| |
| qstat |
Show ALL jobs - mine and everyone else |
| qstat -n |
Show all jobs and, if the job(s) are running, the nodes used. |
| qstat -u <netid> |
Show all jobs, including the nodes used, for the user identified by
netid |
| qstat -s <job_id> |
Show if the job identified by job_id is running; if not running, the
reason |
| qstat -f <job_id> |
Show detailed information about the job identified by job_id |
Example 1:
qstat
Explanation
Show the status of ALL jobs.
Sample output:
Job id Name User Time Use S Queue
---------------- ---------------- ---------------- -------- - -----
20836.argo-new matgen3 jsmith 952:2 R batch
21026.argo-new sicl22_1.p jsmith 185:4 R batch
24779.argo-new sic123_1.p jsmith 0 Q batch
2627.argo-new runtest homa1 167:50:5 R batch
2628.argo-new runtest homa1 167:48:4 R batch
Four of the five jobs are running - those with the R (highlighted in red) in the
second to last column (the (S)tatus column). The remaining job, the one on line three of the
output, is queued, so indicated by the letter Q in the status column.
Example 2:
qstat -n
Explanation
Show the status of ALL jobs and, for the running ones, the nodes used.
Sample output:
Req'd Req'd Elap
Job ID Username Queue Jobname SessID NDS TSK Memory Time S Time
--------------- -------- -------- ---------- ------ --- --- ------ ----- - -----
20836.argo-new jsmith batch matgen3 5702 1 -- -- 336:0 R 952:2
argo2-3/0
21026.argo-new jsmith batch sicl22_1.p -- 4 -- -- 336:0 R 185:4
argo8-1/0+argo8-2/0+argo8-3/0+argo8-4/0
24779.argo-new jsmith batch sic123_1.p 0 Q
2627.argo-new.c homa1 batch runtest 24749 1 -- -- 336:0 R 167:5
argo15-1/0
2628.argo-new.c homa1 batch runtest 19751 1 -- -- 336:0 R 167:5
argo15-2/0
Four of the five jobs are running - those with the R (highlighted in red) in the
(S)tatus column. The nodes used for each running job are shown in the next line. The other job, 24779, is queued and
consequently has no nodes assigned (no second line).
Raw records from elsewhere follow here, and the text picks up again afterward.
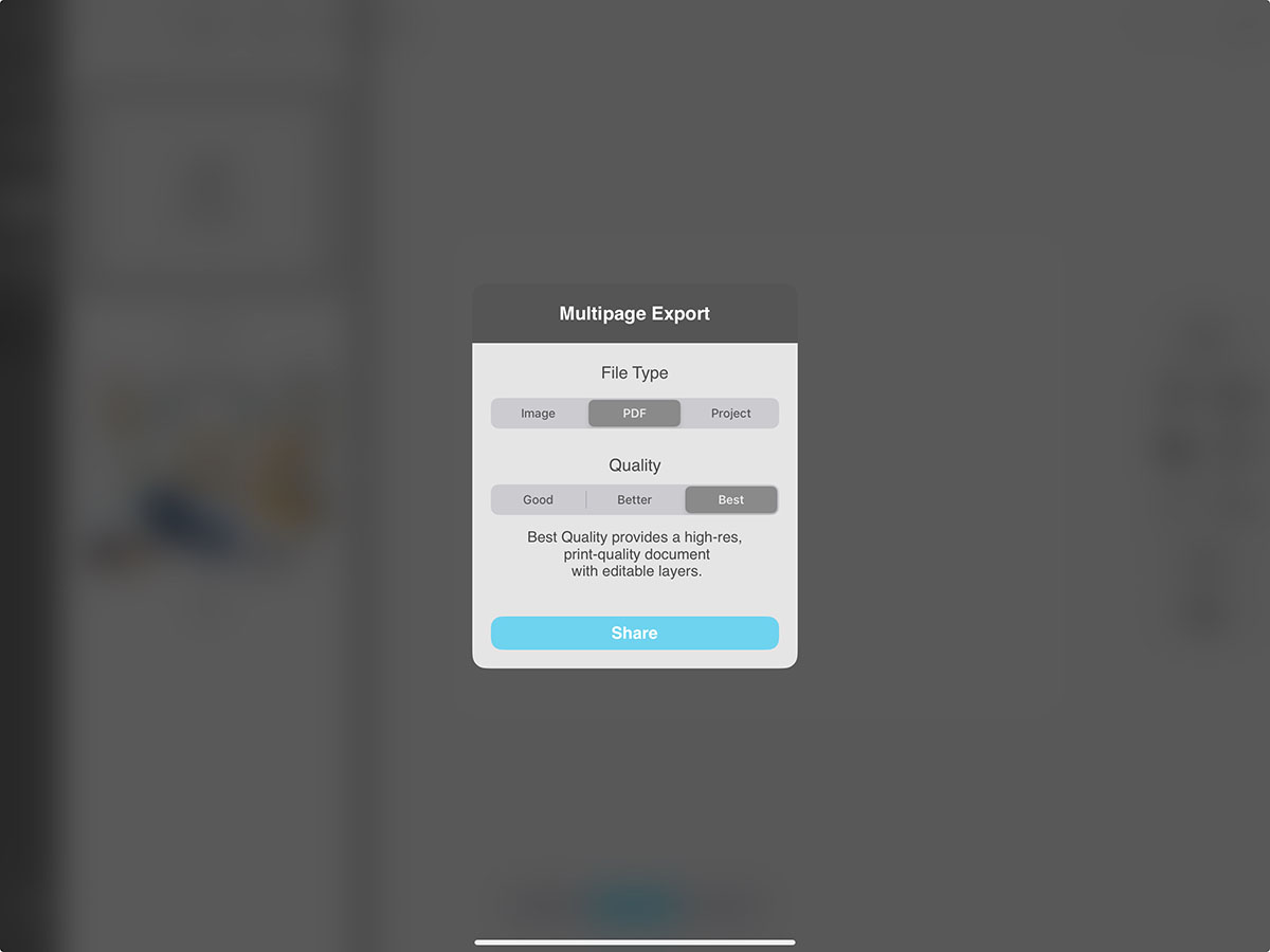 You can choose to export your boards as separate image files, a single PDF, or a project file with all your pages.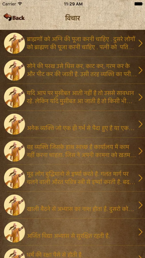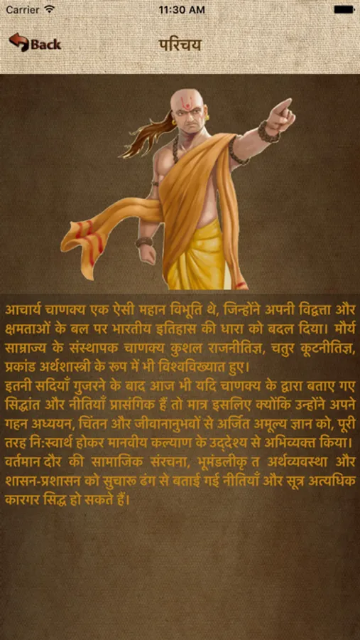 App includes thoughts of The Great Chanakya. It is in Hindi language.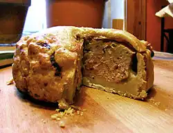 - Pork pie - a pie made of pork, with an outer crust made of a particularly crispy sort of pastry. Melton Mowbray in Leicestershire is their spiritual home but they are available across the country. They are served cold or at room temperature as part of a cold meal.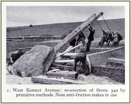 The stone designated 33a in the avenue has become the subject of some controversy after it was re-erected by a team of workers under the direction of Mrs Maud Cunnington in 1912. When Alexander Keiller acquired the land 20 years later he deduced it had been restored in the wrong position and moved it by about 2 metres. He also decided that Mrs.Cunnington had erected it the wrong way up so he inverted it. From the evidence of staining visible on the stone modern researchers have now concluded that the Cunnington orientation was correct after all. Keiller's placement of it, though, is accepted as the accurate one......it might therefore be considered a case of an archaeological draw !! (As yet there are no plans to make any change).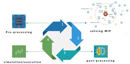 In this step, we solve the formulated MIP problem for the coming scheduling window via mathematical optimisation solver (e.g., Gurobi, Xpress, Cplex, etc.). The choice of a proper scheduling window size depends on the specific requirements and constraints of the problem, as well as the available computational resources. To better utilize the solver, we also integrate more strategies as follows.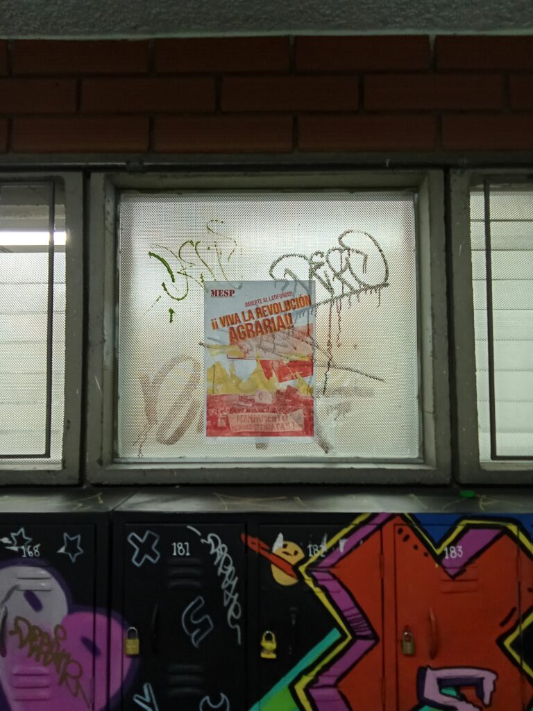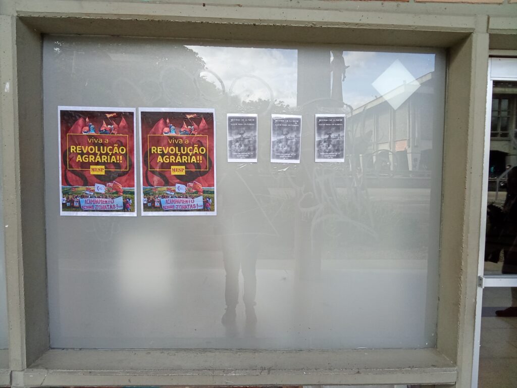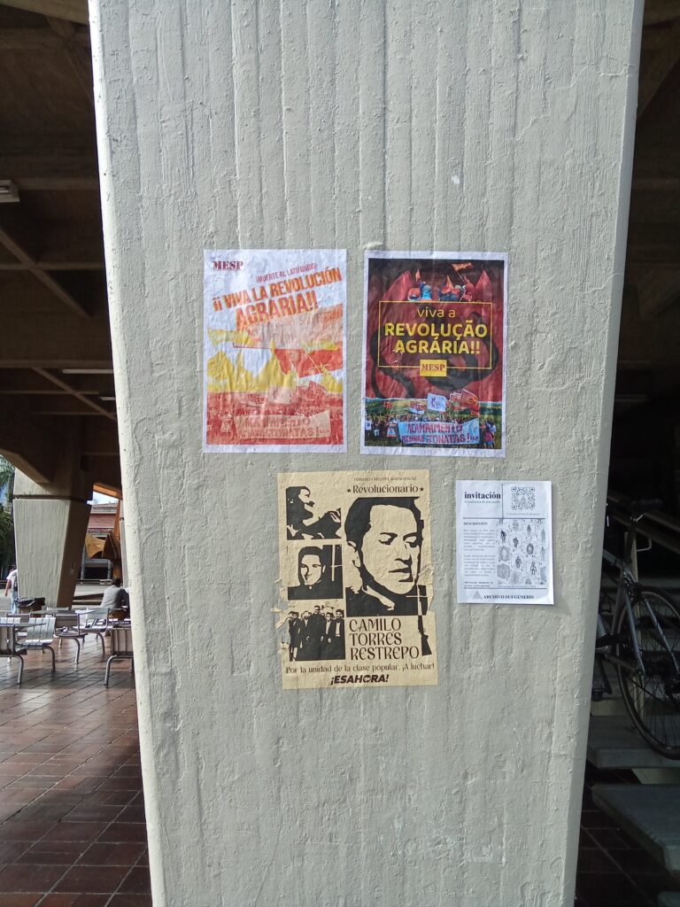 El Movimiento de Estudiantes al Servicio del Pueblo (MESP) junto a activistas y estudiantes democráticos realizaron un conversatorio sobre la lucha por la tierra que están desenvolviendo los campesinos pobres en Brasil, además pegaron algunos carteles con la frase “ Viva la Revolución Agraria” en la Universidad de Antioquia. En el conversatorio se mostraron noticias que mostraban la represión y guerra que lleva a cabo el latifundio en Brasil contra el campesinado, así como noticias que mostraban la organización, combatividad y lucha que desarrollan los campesinos pobres. Se enfatizó en la actuación de la Liga de Campesinos Pobres (LCP) y en la Batalla Feroz de Barro Branco que se dio en septiembre de 2024 donde la resistencia de los campesinos y campesinas junto con estudiantes revolucionarios expulsaron a los pistoleros (paramilitares) que pretendían desalojarlos de sus tierras.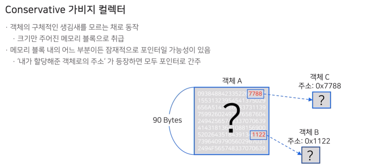 가비지 컬렉터가 이러한 객체 내에서 포인터 변수의 위치를 알아내는 방법은, C++에서 객체의 레이아웃이 주어져야 하는지 아닌지에 따라 2가지 방법으로 나뉜다.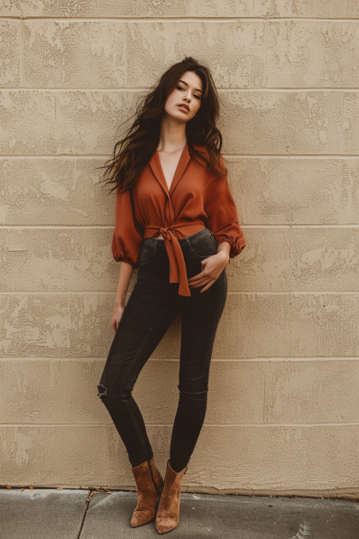 This outfit is a showstopper! A rust-colored tie-front blouse with voluminous sleeves brings a perfect blend of sophistication and flirtiness, while the plunging neckline adds a touch of drama. Paired with high-waisted, dark-wash skinny jeans, it creates a sleek silhouette. To complete the look, tan suede ankle boots add a chic and polished touch, keeping it classy but fun.

The following table briefly discusses each of the eleven fields in the qstat -n output for a
running job:
| Field |
What it means. |
| 20836.argo.cc.u |
Job id. Disregard the argo-new |
| jsmith |
Owner of the job |
| batch |
Queue |
| matgen3 |
Name of the job |
| 5702 |
Session id. Some jobs will not have a session id. |
| 1 |
Number of nodes used. The particular nodes are identified in the following line |
| -- |
Disregard |
| -- |
Disregard |
| -- |
Disregard |
| R |
Job status. R: running Q: queued. E: exiting after run |
| 952:2 |
Elapsed time |
The second line in the example contains two fields:
| Field |
What it means. |
| argo2-3 |
The name of the node used. The number of node names matches
the entry in field six of line one. Multiple node names are separated
by plus signs. |
| 0 |
Identifier of the job on the node. The first job is given
identifier zero. If a second job begins execution while the first job
is still running, the second job is given the identifer one. |
Example 3:
qstat -u <netid>
For example: qstat -u jsmith
Explanation
Shows all jobs for user jsmith. Replace the jsmith with your netid.
Sample output:
Req'd Req'd Elap
Job ID Username Queue Jobname SessID NDS TSK Memory Time S Time
--------------- -------- -------- ---------- ------ --- --- ------ ----- - -----
20836.argo-new. jsmith batch matgen3 -- 1 -- -- 336:0 R 149:1
21026.argo-new jsmith batch sick122_1.p -- 4 -- -- 336:0 R 63:35
24779.argo-new jsmith2 batch sick123_1.p 0 Q
Example 4:
qstat -s <job_id>
For example: qstat -s 20836
Explanation
Show if job 20836 is running. If not, then the reason it is not running
is given.
If the job status field in example one, line one, field six, is the letter
R (for running), then display, among other information, when the job was started.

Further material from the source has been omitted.